If you don’t eat fresh avocado you might not get the joke, but avocado is a fruit that has a notoriously short window for being ripe and ready to eat. If you cut it open too soon, the green pulp inside is woody and hard to dig out. But if you wait too long, the inside turns into a nasty brown mush. Since the window for a ripe, ready to eat avocado is so short one can hardly say that it is a fruit that is always in season.

And you might feel that way about the fruit of the Spirit that we’re going to study today: peace. Just think of your week. How often did you enjoy peace? Perhaps when you finally sat down to have a nice calming cup of tea, the phone rang shattering the silence and bringing you news that was upsetting. Or even though you were able to take a nice long walk to enjoy the beauty of spring, peace was still elusive because your mind kept filling with the challenges you’re facing right now. So how can we say that peace is a fruit that is always in season? Because like all the other fruit that we are studying, peace is not produced by circumstance, but by the constant calming presence of God. Our text this morning makes that clear even though it never uses the word peace.

Listen again to the opening words of Psalm 46. “God is our refuge and strength, an ever-present help in trouble. 2 Therefore we will not fear, though the earth give way and the mountains fall into the heart of the sea, 3 though its waters roar and foam and the mountains quake with their surging” (Psalm 46:1-3).

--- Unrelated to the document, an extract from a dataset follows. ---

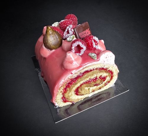 Fusion délicieuse de saveurs fruitées, associant la framboise, la passion, le litchi et la rose. Découvrez une buche de Noël atypique et gourmande.

What I like about Psalm 46 is how contemporary it feels. What I mean is that it doesn’t describe some fairy-tale sort of world where everything is perfect and nice. It describes a world that is not just turning but churning! Earthquakes. Tsunamis. Tornados. Hurricanes. Famine. These natural disasters continually shake our planet and often our lives. So where is God when those things are happening? Well, according to Psalm 46, he’s right there. He’s an ever-present help in trouble. Your God is not a God who is far off. He is a God who is in your midst. The psalmist went on to write: “There is a river whose streams make glad the city of God, the holy place where the Most High dwells. 5 God is within her, she will not fall; God will help her at break of day” (Psalm 46:4, 5).

The city of God that the psalmist speaks about is not Jerusalem. There is no river that runs through that city. What he’s talking about is the Church, the gathering of God’s people. God is in our midst. He will help us at break of day. Think of what that means. It means that he is with you through the darkest parts of the night. And he’s also there right from the beginning. God is not like that co-worker who has a knack of showing up for the group project when everything is just about finished.

But how do we know that God is really here with us? As far as I know, Christians face the same financial challenges that non-Christians do. They get sick as non-Christians do. They even die at the same rate: one death per person. How then can we say that God is in our midst? Well our psalmist never said that God would keep away the natural disasters. It says that we do not have to fear those disasters. We can have peace even when we are being strangled to death by them. Here’s why, says the prophet Isaiah in one of my favorite passages in the Bible: “The righteous perish, and no one takes it to heart; the devout are taken away, and no one understands that the righteous are taken away to be spared from evil. 2 Those who walk uprightly enter into peace; they find rest as they lie in death” (Isaiah 57:1, 2).

Doesn’t that passage put a smile on your lips? It’s a living example of what the psalmist meant when he said: “There is a river whose streams make glad the city of God” (Psalm 46:4). That Isaiah passage is a stream from that river. It just flowed into your hearts bringing you peace by assuring that even in death God is there and has a purpose. His purpose is to give you rest. His purpose is to snap you out of this world and to bring you to heaven where everything is perfectly peaceful all of the time and will be forever.